何としてもあの男の口を塞がなくてはならない。


一人考えを巡らせる男に、報告員がおずおずと声をかけてきた。

矢間やざま主任。本当にメイヒンなのでしょうか」

苛立ちを呑み下して振り返った。

そう、自分は主任なのだ。不測の事態を切り抜けなくては、地位以前に部下たちの信頼も失ってしまう。ここで弱みを見せるわけにはいかない。

「どういうことだ」

「私見で恐れ入りますが、確認した範囲ながら、敵が小規模すぎる気がします。女のバレットはまだしも、工作員が二人に子供が一人というのも。いえ、もちろん他にも仲間が居て、あの場には現れなかっただけかもしれませんが」

報告員からすれば恐る恐るの進言だったが、男は目が覚めたような感覚だった。

互いの企業同士の範囲のことだと思い込んでいた。しかし、確かに。

「……なるほどな。あいつは頭がやられているはずだ。簡単に会社を思い出せるはずがない」

搬送車を任せていた部下も言っていた。あの男を連れ去った男女は企業の工作員には見えなかった。車も古いセドリックで企業が足に使うには珍しいと。

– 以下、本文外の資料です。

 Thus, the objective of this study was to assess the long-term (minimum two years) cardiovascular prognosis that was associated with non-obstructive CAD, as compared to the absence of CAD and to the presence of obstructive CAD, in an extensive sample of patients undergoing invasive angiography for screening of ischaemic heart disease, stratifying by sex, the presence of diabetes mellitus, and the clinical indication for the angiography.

つまり、あの男はまだ会社に回収されたわけではない。恐らくは記憶も戻っていない。あの時あの場をたまたま通りかかった誰か……それこそ非合法活動者アウトソーサーか何かに拾われたのだ。

 企業間の抗争が激化して以来、企業は工作員の育成にも力を注いできた。しかしそれだけの資金をつぎ込めない企業もある。そうした中小企業が防衛や情報奪取などの荒事の際、外部発注として利用するのが非合法活動者たちだった。

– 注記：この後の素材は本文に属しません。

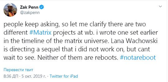 Еще в 2017 году стало известно, что кинокомпания планирует снять новый фильм в дополнение к оригинальной трилогии "Матрица". Именно над ней работает Зак Пенн. По его словам, это будет не ремейк и не перезапуск, а приквел, действия которого будут разворачиваться до событий выпущенных фильмов.

彼らは合法・非合法を問わぬ業務を自らの倫理の範囲内で請け負うフリーランスの代行者であり、元は企業工作員やオペレータ、在野の魔法使いなどから構成されていることが多い。

企業が彼らを使いやすい最大の要因は、彼らが仮に警察に捕まったとしても企業との繋がりを立証しようがない――そもそも『社会的にいない』者達である点だ。

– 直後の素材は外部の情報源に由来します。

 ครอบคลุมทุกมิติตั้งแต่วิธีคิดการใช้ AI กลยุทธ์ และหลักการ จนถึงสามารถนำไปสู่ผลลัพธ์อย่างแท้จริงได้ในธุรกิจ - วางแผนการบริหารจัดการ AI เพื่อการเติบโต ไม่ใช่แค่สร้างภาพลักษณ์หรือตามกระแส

彼らへの報酬は大抵が前払い式のプリペイドカードで行われ、購入する際に身分証が必要ない点も足がつかず好都合となっている。

「それなら手はある」

非合法活動者の弱点はすなわち、企業とは規模が違うという点だ。

企業を相手にするということがどういうことか思い知らせてやる。

男は唇を吊り上げて笑うと、報告員を連れて保管室を足早に出て行った。

 あとにはもの言わぬ死者だけが取り残され、明かりは落とされたのだった。